La secuencia de “Thumbelina”, “Biker” y “Back on the Chain Gang” representa el corazón conceptual del espectáculo. Es precisamente en estos temas donde Hynde parece más interesada en subvertir expectativas que en satisfacerlas. “Back on the Chain Gang” es despojada de sentimentalismos y replanteada como un manifiesto de supervivencia. La muerte ya no es tragedia, es dato biográfico; no hay espacio para el melodrama en un universo artístico construído sobre la lucidez implacable. Es aquí donde el público uruguayo abandona la comodidad de las butacas por primera vez. Con ese sarcasmo cortante tan suyo, Hynde había lanzado momentos antes: “cómo les gusta un show de rock!”, ante la parsimonia casi ceremonial de un público que examinaba cada nota como si fuera un vino añejo. “Qué bueno ver tantas caras viejas”, añadió después con ese filo característico, blindada por la autoridad que le confieren sus propias siete décadas de existencia y la certeza de quien ha sobrevivido a todas las tendencias que pretendieron enterrarla.

Hay covers que superan a la original, y después está la interpretación de “Forever Young” que desplegaron anoche. Porque sí, porque “amamos a Bob Dylan”, explicó Hynde con esa economía verbal que no admite sentimentalismos. Y porque algunos espíritus (los realmente incorruptibles) logran habitar el tiempo sin someterse a sus tiranías estéticas o biológicas.

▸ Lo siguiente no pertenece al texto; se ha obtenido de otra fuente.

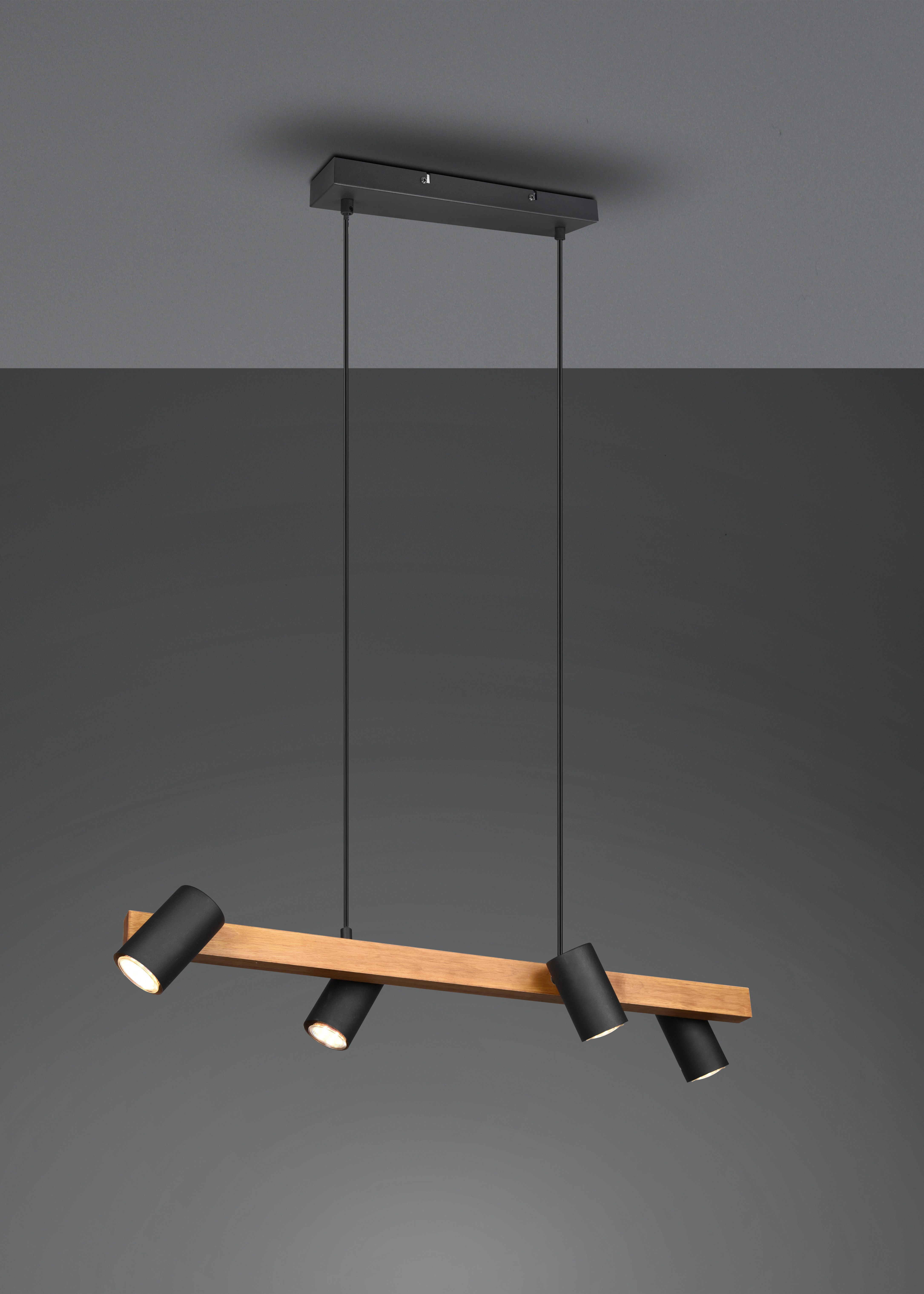 The pendant is designed in matt black and wood and can therefore stylishly complement and complete modern color concepts.

Lo que no dijo, pero quedó flotando en el aire, es que esa plegaria por la juventud eterna adquiere una dimensión casi subversiva cuando viene pronunciada por alguien que ha demostrado que la relevancia es cuestión de autenticidad.
Sobre el final, un cartel se alzó entre la multitud. Chrissie lo leyó con esa mirada escéptica que ha perfeccionado durante décadas: una petición para cantar “I’ll Stand by You” junto a ella en el escenario. Dudó visiblemente, evaluando el riesgo contra el gesto, pero finalmente accedió con un ademán que parecía decir “por qué no”. La chica subió desbordando entusiasmo, intentó inmediatamente envolverla en un abrazo efusivo que Chrissie interrumpió con la misma firmeza con que rechazaría un acorde desafinado. Distancia, le indicó con un gesto de seca amabilidad. Cantaron juntas, cada una en su territorio, hasta que Chrissie, en una expresión calculada de reconciliación, se le acercó para un abrazo medido por la cintura, manteniendo esa distancia profesional que marca sus interacciones. Ese momento fragmentó sutilmente el clima hermético del concierto; algunos intercambiaron miradas desconcertadas mientras uno de los himnos más queridos del repertorio se diluía en una voz ajena, una intrusión en el universo meticulosamente controlado que The Pretenders habían construído durante la noche.
“No sé cómo seguir después de esto”, admitió con un pragmatismo despojado. Claro, “I’ll Stand by You” es ese tema, la pieza con la que venían cerrando sus últimos conciertos, el himno que se esperaba como clausura ritual. Pero demostrando ese instinto infalible para desafiar expectativas, y sin importarles demasiado, simplemente ajustaron el setlist sobre la marcha y se lanzaron hacia “Cuban Slide”, desviando la energía hacia territorios menos transitados de su catálogo.
La despedida fue tan económica como todo lo demás en la estética de The Pretenders. “Te amo, Montevideo”, pronuncia Hynde mientras eleva su guitarra en ese gesto icónico que parece decir simultáneamente “victoria” y “suficiente”.